**WORK INSTRUCTION**
The answer is to be the data that follows, transcribed exactly, minus its pictures.

**DATASET EXCERPT**
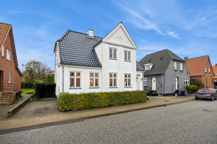 Allerede ved ankomsten fornemmer man husets karakter og gennemførte stil. Den hvidpudsede facade og det smukke tegltag står flot i det etablerede villakvarter, hvor nærheden til byen kombineres med fredelige omgivelser. Bag huset åbner der sig en stor, solrig og privat have, som strækker sig flot mod syd. Her er god plads til alt fra boldspil til afslapning, og den hævede terrasse fungerer som et naturligt samlingspunkt på varme dage. Til ejendommen hører ligeledes 2 carporte og stort udhus med plads til opbevaring eller værksted.
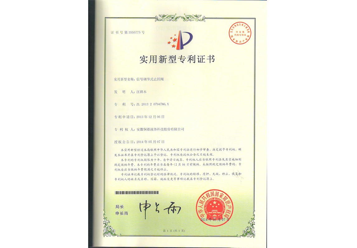 信號(hào)調(diào)節(jié)式止回閥
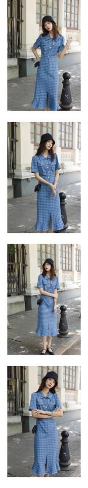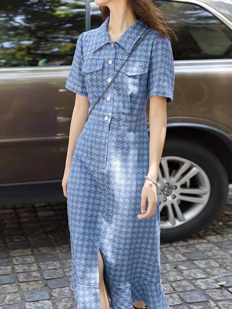 送料無料 ヴィンテージデニム鳥格子ボディコンイブニングドレス女性ポロ襟ミディドレスストリート夏 サマー 夏物 ビンテージ AE00887879203290186 | 女性の為の通販サイト-fashion navi
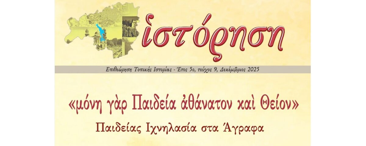 Ο επόμενος τόμος της εξαμηνιαίας επιθεώρησης «Ιστόρηση» τοπικής ιστορίας για τις κοινότητες του Δήμου Λίμνης Πλαστήρα θα κυκλοφορήσει τον Δεκέμβρη 2025. Θέμα του 9ου τόμου είναι η Παιδεία στα Άγραφα και τα σχολεία των παραλίμνιων κοινοτήτων. Όλοι οι τόμοι διατίθενται ελεύθερα από την Ψηφιακή Βιβλιοθήκη του Δήμου Λίμνης Πλαστήρα https://plastiras-ota.gr/digital-books-museum.

**WRITTEN RESPONSE**
 Allerede ved ankomsten fornemmer man husets karakter og gennemførte stil. Den hvidpudsede facade og det smukke tegltag står flot i det etablerede villakvarter, hvor nærheden til byen kombineres med fredelige omgivelser. Bag huset åbner der sig en stor, solrig og privat have, som strækker sig flot mod syd. Her er god plads til alt fra boldspil til afslapning, og den hævede terrasse fungerer som et naturligt samlingspunkt på varme dage. Til ejendommen hører ligeledes 2 carporte og stort udhus med plads til opbevaring eller værksted.
 信號(hào)調(diào)節(jié)式止回閥
 送料無料 ヴィンテージデニム鳥格子ボディコンイブニングドレス女性ポロ襟ミディドレスストリート夏 サマー 夏物 ビンテージ AE00887879203290186 | 女性の為の通販サイト-fashion navi
 Ο επόμενος τόμος της εξαμηνιαίας επιθεώρησης «Ιστόρηση» τοπικής ιστορίας για τις κοινότητες του Δήμου Λίμνης Πλαστήρα θα κυκλοφορήσει τον Δεκέμβρη 2025. Θέμα του 9ου τόμου είναι η Παιδεία στα Άγραφα και τα σχολεία των παραλίμνιων κοινοτήτων. Όλοι οι τόμοι διατίθενται ελεύθερα από την Ψηφιακή Βιβλιοθήκη του Δήμου Λίμνης Πλαστήρα https://plastiras-ota.gr/digital-books-museum.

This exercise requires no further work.